Geographical Information Systems (GIS) play a major role in health care, surveillance of infectious diseases, and mapping and monitoring of the spatial and temporal distributions of vectors of infection, hence allowing researchers to study the relationships between spatial and temporal trends and risks, and between environmental factors and health, at all scales [1]. Using GIS for the spatial representation of health issues helps professionals arrive at conclusions faster and reach better decisions related to deferent public health planning issues [2]. The medical research applications of GIS are numerous and include finding disease clusters and their possible causes, improving deployment for emergency services, and determining if an area is being served adequately by health services. The benefit of using GIS in the health care industry is just now beginning to be realized. Public and private sectors are reaching better decisions based on spatial data integration and GIS. Public health departments and public health policy and research organizations, hospitals, medical centers, and health insurance organizations are all examples of health sectors that benefit from applying GIS in their spatial decision-making process. For instance, public health uses GIS for tracking child immunizations, conducting health policy research, and establishing service areas and districts.

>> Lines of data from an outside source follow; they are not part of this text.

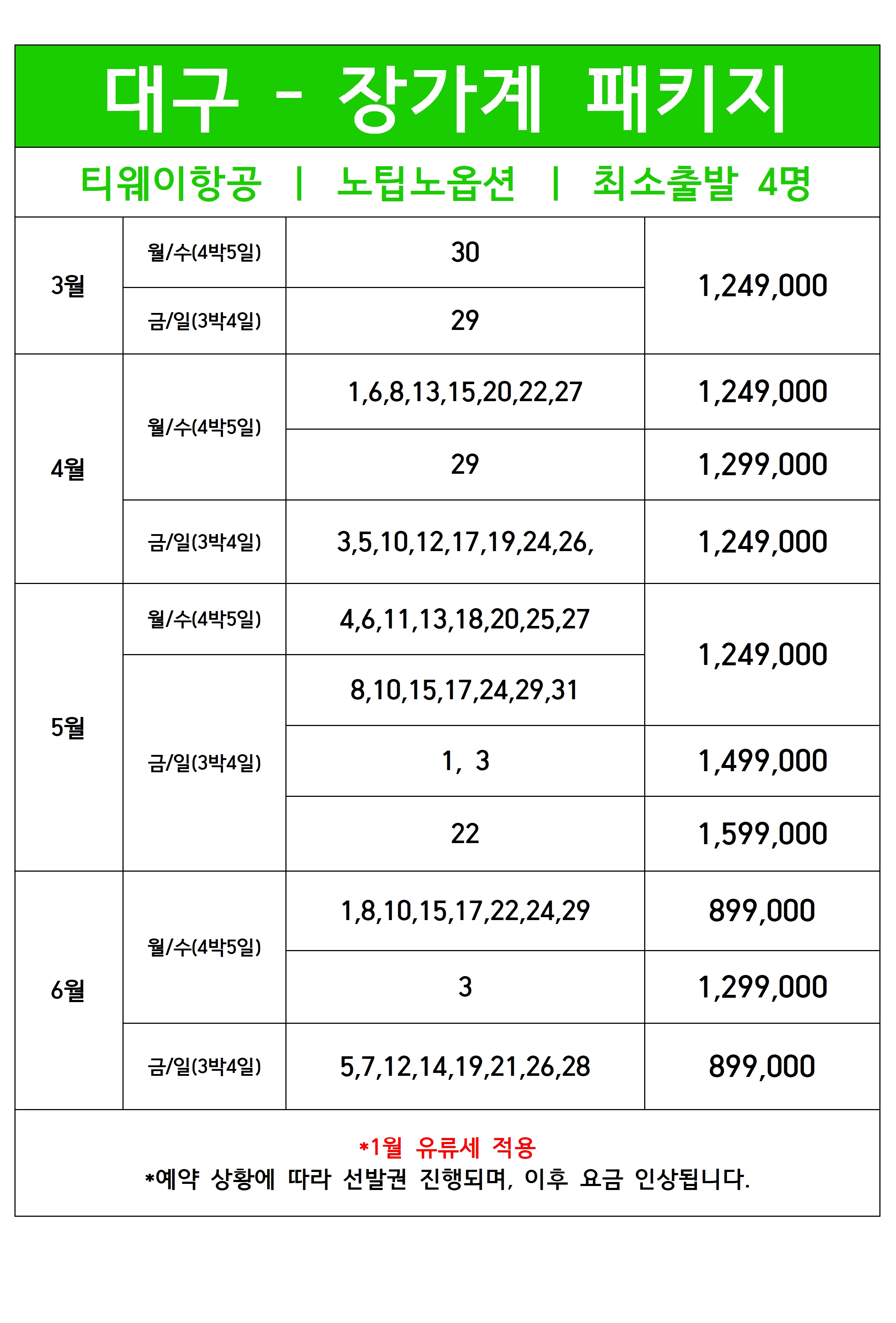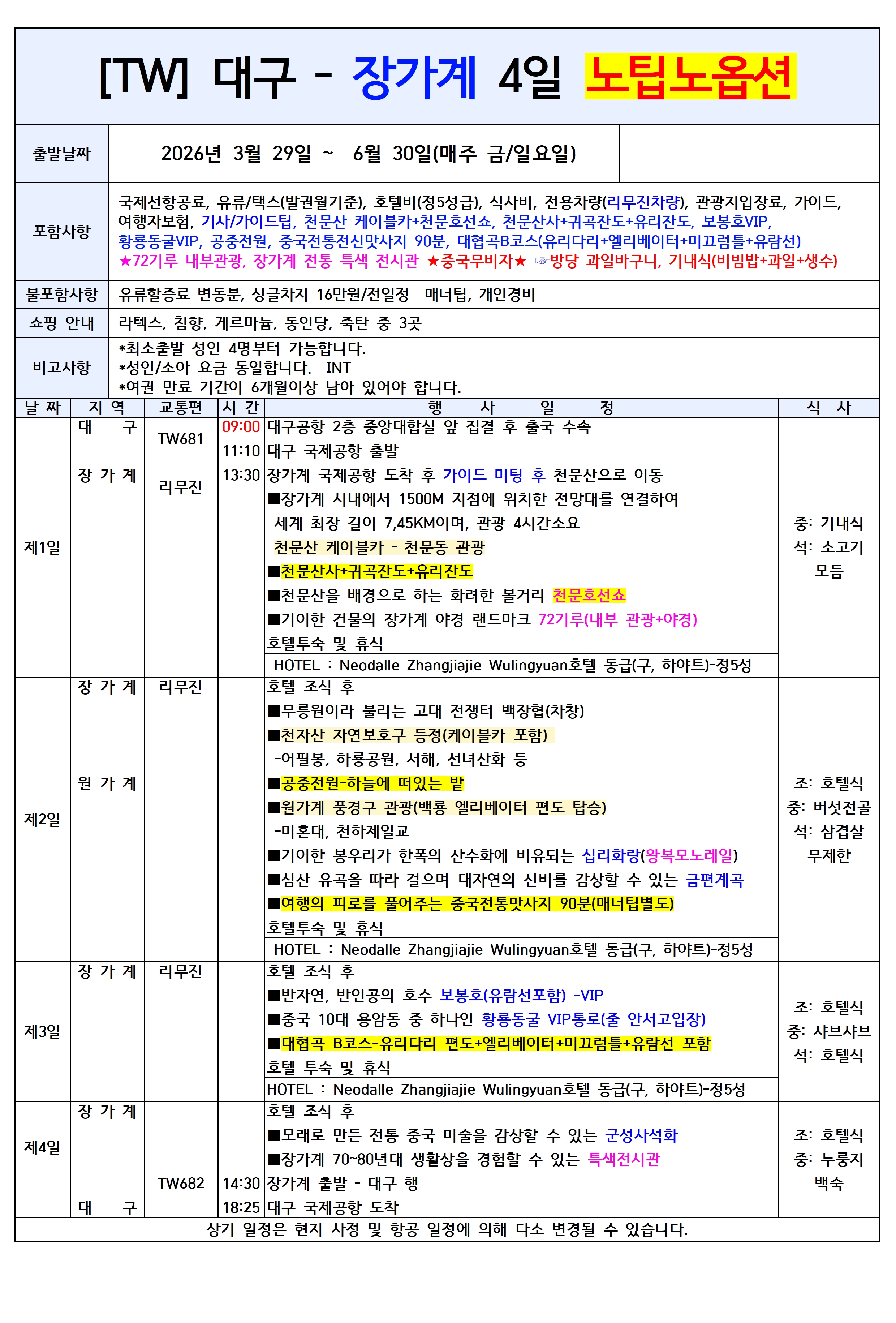 [대구출발] 장가계 4일/5일 노팁노옵션 티웨이항공
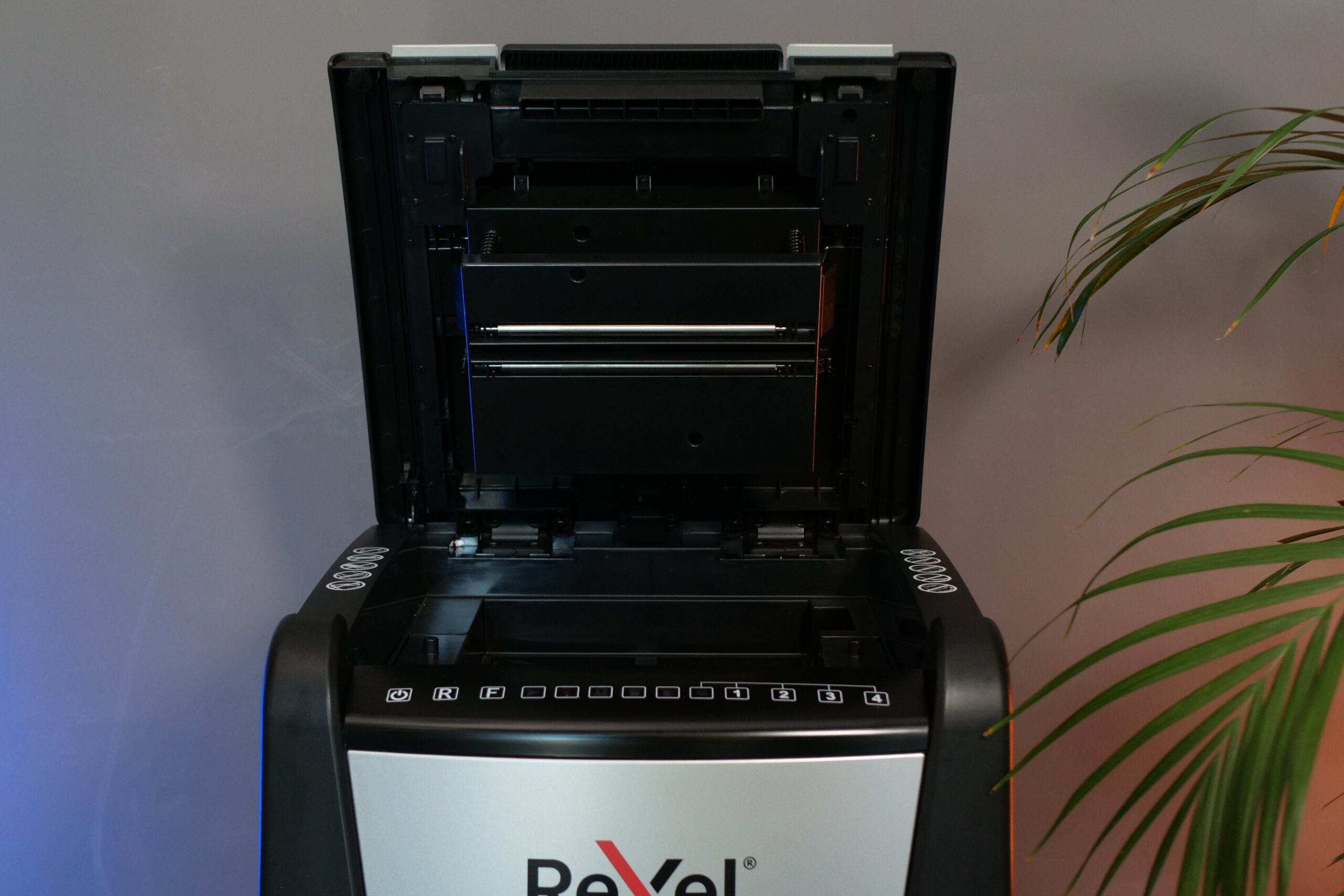 Distrugătorul de documente este ușor de folosit. Vine cu un panou de control tactil, destul de intuitiv. De la stânga la dreapta, avem așa: Butonul Power, Butonul Reverse, cel care îți permite să scoți hârtia introdusă prin prin alimentarea manuală, butonul de înaintare manual, indicatorul Gata de utilizare, indicatorul de supraîncălzire, indicatorul de supraalimentare/sau de blocare(când se aprinde acest buton trebuie să reduci numărul de coli sau să îndepărtezi elementul care blochează distrugătorul). Mai avem și indicatorul pentru coș plin(are un senzor cu infraroșu pentru indicarea gradului de umplere a recipientului de colectare), indicator ușă deschisă(acesta se aprinde când nu ai introdus coșul corespunzător). Mergem mai departe și vedem indicatorul pentru ușă de alimentare blocată, iar cele 4 numere sunt prezente pentru a forma un cod de siguranță necesar la blocarea ușii.
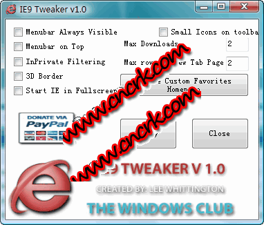 IE9 Tweaker可以按照个人习惯修改IE9浏览器的各种设置,比如设置菜单栏始终可见,开始总是在全屏显示等。
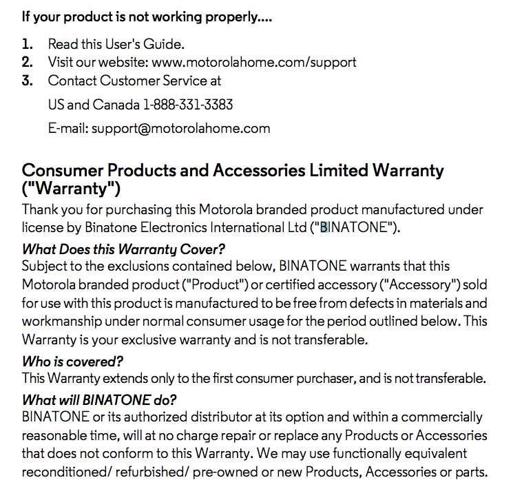 Motorola said to take the batteries out and reinstall them. Duh. Still didn’t work. They said I had to pay to ship it back for a replacement.
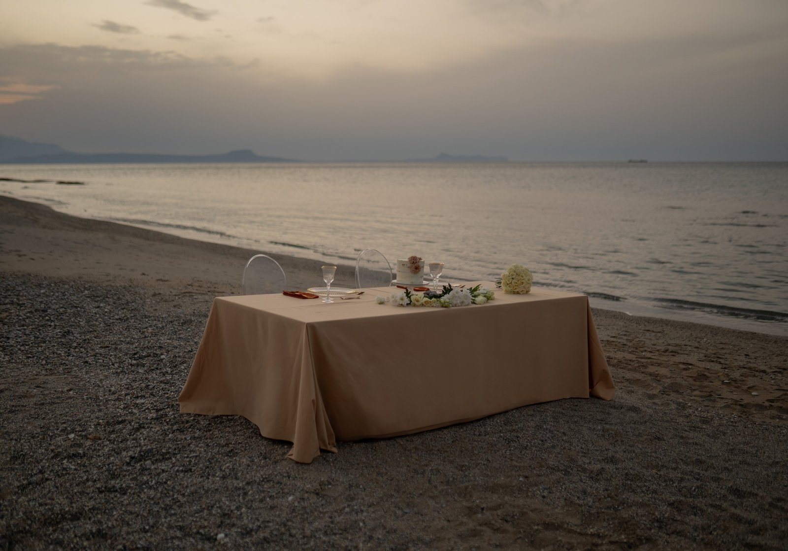 The inspiration behind this elopement was the story of two travelers from China. While exploring the sun-kissed coasts of Crete, Mei and Sho unexpectedly crossed paths on a quiet beach in Rethymno. That serendipitous meeting sparked a heartfelt bond that would one day bring them back to this very shore. Not just as travelers, but as soulmates ready to celebrate their union.
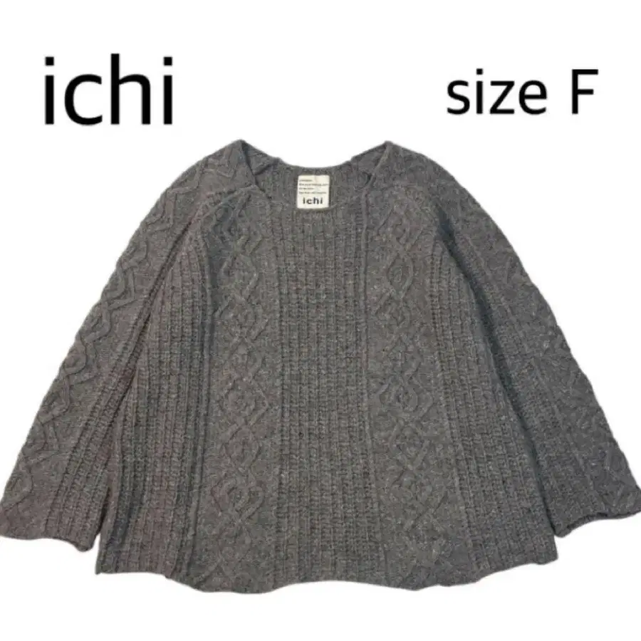 [ size F ] ichi 이치 케이블 짜임 스웨터 울 100% 그레이
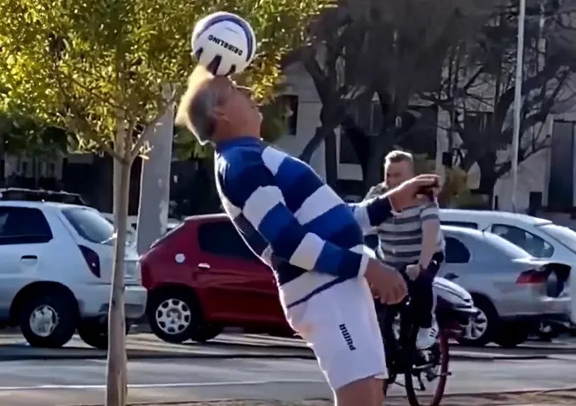 A través de un inspirador video, una tiktoker registró el increíble talento de un mendocino, de 76 años, con la pelota de fútbol.

Access to health care can be measured using the straight line or road distance for evaluating existing and future optimal service location. In addition, health care accessibility studies are focused in identifying health catchments, and in examining social groups in relation to health accessibility [3]. Nichols et al., 2014, [4] have presented another recent GIS application for evaluation accessibility to mammography resources in Mississippi, USA, showing the location of the geocoded facilities, along with the counties and major transportation networks in Mississippi, and defining areas within and outside the drive-time distance with respect to all mammography facilities based on an optimum driving route. Bagheri et al., 2005 [5] discussed a GIS application for measuring spatial accessibility to primary health care services in New Zealand and applied drive-time analysis for estimating the shortest time through road networks between any pair of population and health center locations.

The advantages of using GIS in health care studies lies in its power to analyze, store, and display very large amounts of geo-referenced spatial data. Geographic information systems (GIS) can be defined as computer-based systems for integrating and analyzing geographical data. Fletcher-Lartey and Caprarelli (2016) [1] reviewed applications of the GIS technology in public health and identified its successes and challenges. They summarized the common uses of GIS technology in the public health sector, emphasizing applications related to mapping and the understanding of parasitic diseases. They confirmed that geographical analysis has allowed researchers to interlink health, population, and environmental data, thus enabling them to evaluate and quantify relationships between health-related variables and environmental risk factors at different geographical scales. Mushonga, Banda, and Mulolwa (2017) [6] added that GIS can be successfully used for defining access and utilization of health care services.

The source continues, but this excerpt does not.